‘Deze gesprekken zijn het moeilijkste van het vak’

03 april 2020Leestijd: 3 minuten
Intensive care opbouw in ziekenhuis. Foto: ANP

Maarten Sulzer (59) werkt als longarts in het Spaarne Gasthuis in Haarlem. Elsevier Weekblad volgt hem tijdens de coronacrisis. Wat speelt zich af in het ziekenhuis? En wat betekent dat voor het werk van een longarts? Deel 4: waardig sterven.

‘We zijn alweer naar een volgend niveau opgeschaald op de IC. Je wilt niet dat je een patiënt moet weigeren. Er moet een plek zijn voor iedereen die een goede kans maakt op herstel. Bij een deel van de patiënten is dat heel duidelijk, daarover is geen discussie, die moet je behandelen op de IC. Aan de andere kant heb je de heel zwakke patiënten. Die moet je niet naar de IC sturen, dat is zinloos medisch handelen. Want de kans dat zij uit de loodzware behandeling komen, is extreem klein.

Maar er is ook een grijs gebied. Vandaag had ik contact met een verpleeghuisarts die de zorg heeft over een aantal coronapatiënten. In principe geldt voor de meeste patiënten in het verpleeghuis dat het medisch geen zin meer heeft om ze naar de IC te sturen. Maar er kunnen altijd uitzonderingen zijn en het is dan ook goed om bij twijfel altijd te overleggen. Wat medisch haalbaar is, staat voorop, maar natuurlijk telt ook de wens van de patiënt. Evenals de wens van de familie, als de patiënt niet mee kan besluiten.

Dit soort gesprekken voer je als longarts geregeld met chronische longpatiënten die ernstig ziek zijn.

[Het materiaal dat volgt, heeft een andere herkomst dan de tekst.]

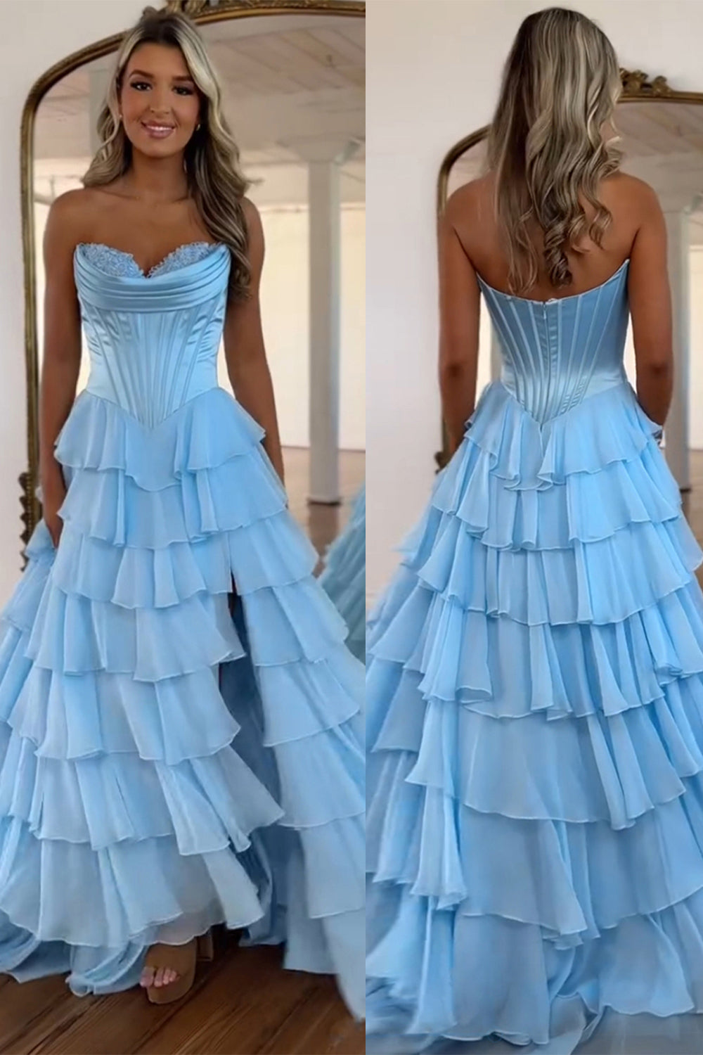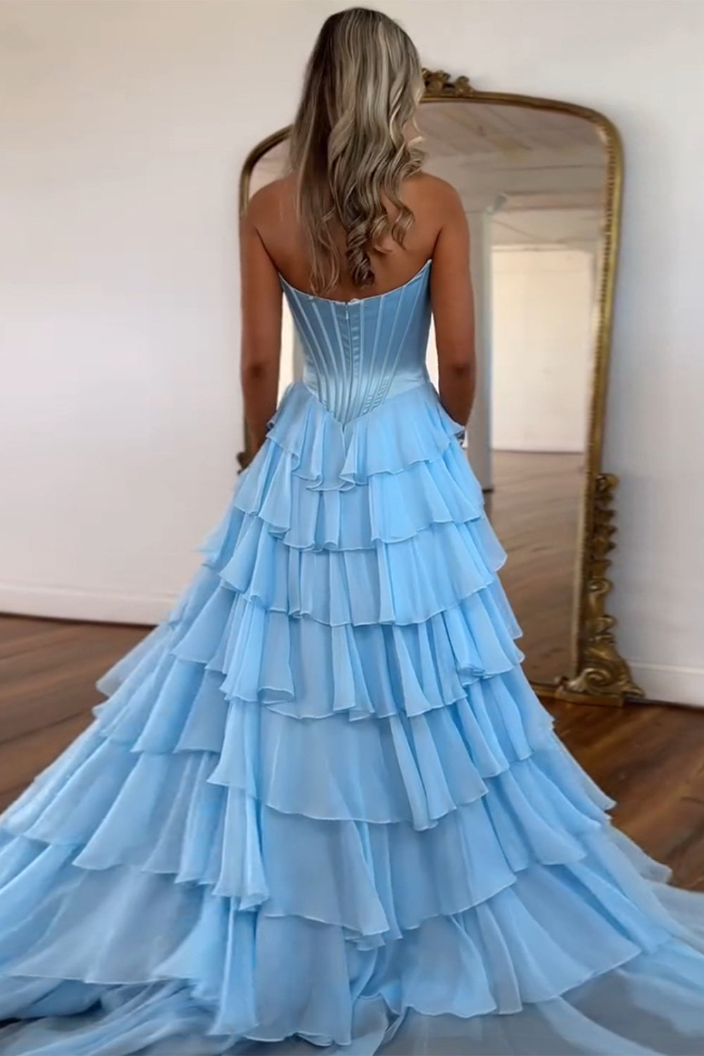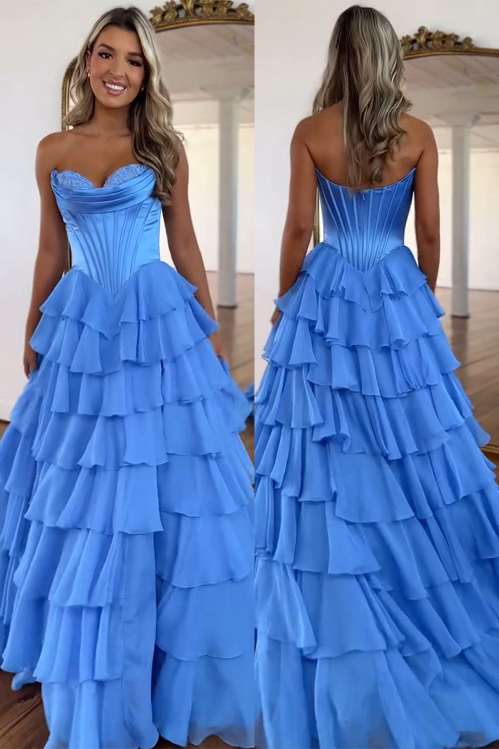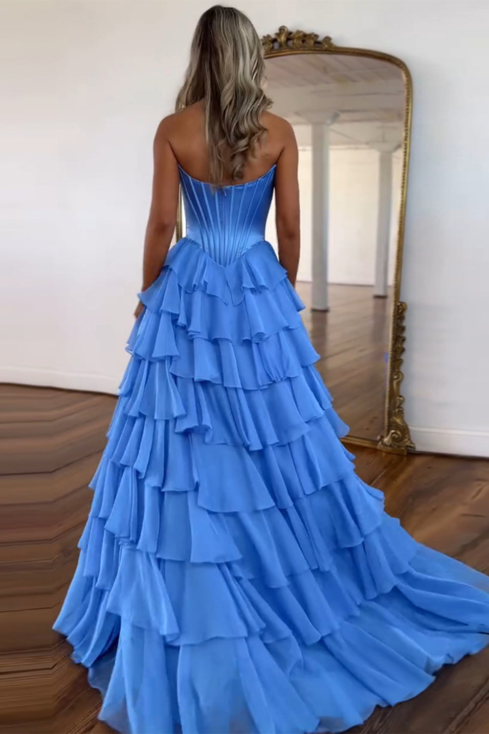 Blue A Line Strapless Satin Corset Long Prom Dress with Ruffle Skirt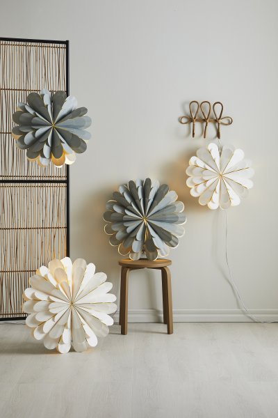 Marigold Stjärna Vit 45 cm är en elegant hängande julstjärna från den populära Marigold-serien. Med sin vackra vita skärm i papper, ger den en mjuk och modern känsla som blir en vacker kontrast till de mer traditionella julstjärnorna. Perfekt för att skapa en stilren julstämning i ditt hem. Levereras med 3,5m sladd med strömbrytare och kontakt.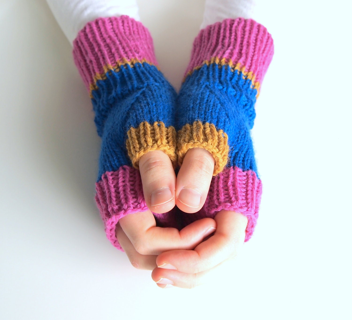 Pink Blue Ocre knit fingerless gloves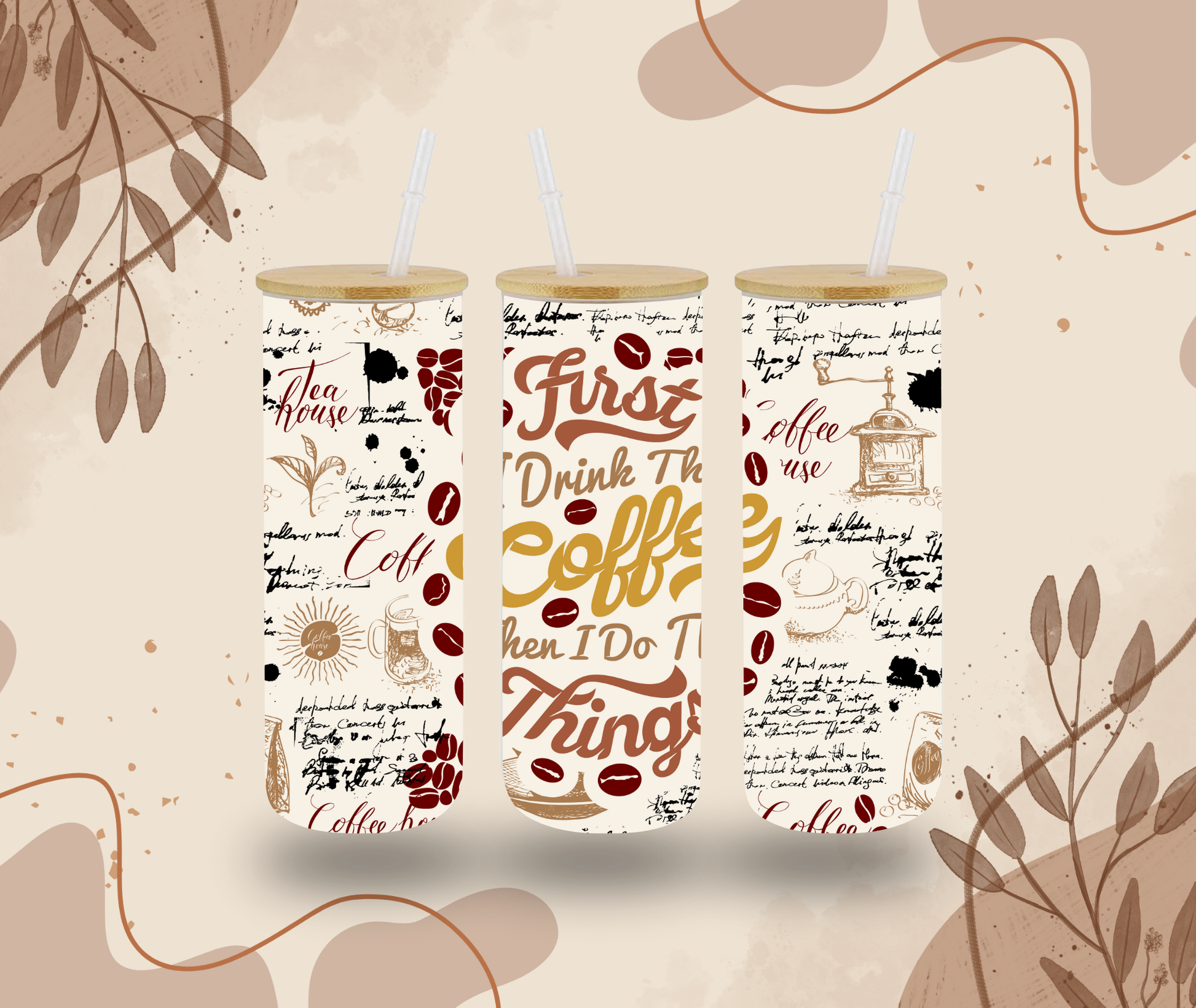 25oz Glass Can decorated the cute "First I drink the coffee, then I do the things" and coffee decorations

Een behandelbeperking bespreken hoort immers ook bij goede zorg, maar deze gesprekken zijn feitelijk het moeilijkste van het vak. Belangrijk is om te benadrukken wat je vooral nog wel allemaal kunt doen voor een patiënt, maar tegelijkertijd moet je ook uitleggen welke behandelingen een brug te ver zijn. Behandelingen niet meer toepassen kan bij een dokter voelen als falen, maar het kan de patiënt en de familie heel veel leed besparen.

Eerlijk durven zijn

Door de coronapandemie moeten dit soort gesprekken nu vaak ad hoc plaatsvinden, als mensen plotseling naar het ziekenhuis moeten. Dit is moeilijk, maar wel essentieel om goede zorg te kunnen leveren. Immers, als je te zwakke patiënten toch naar de IC laat gaan, ontneem je hen ook een fatsoenlijk sterfbed.

De kans dat kwetsbare ouderen een langdurig verblijf op de IC overleven, is verwaarloosbaar klein. Terwijl de kans dat zij, als zij het al overleven, er geïnvalideerd uitkomen extreem hoog is. Als je weet dat de kans groot is dat het uitloopt op een menselijk drama, moet je daarover eerlijk durven zijn. Het is voor ons als artsen dan ook de taak dit te bespreken. We benadrukken vooral ook wat we nog wel kunnen doen als de patiënt geen kandidaat is voor de IC.

Buiten de IC kun je patiënten ook goede zorg leveren met zuurstof, soms via een masker, en zo een goede ondersteuning bieden bij de ademhaling. Ook antibiotica, vocht en pijnstilling zijn meestal onderdeel van de behandeling. Als de behandeling niet meer aanslaat, de patiënt te verzwakt is, wordt gekozen voor een palliatieve behandeling en is de behandeling primair gericht op het verlichten van symptomen. De patiënt kan dan de laatste adem uitblazen met de familie nabij om zo waardig te kunnen sterven.’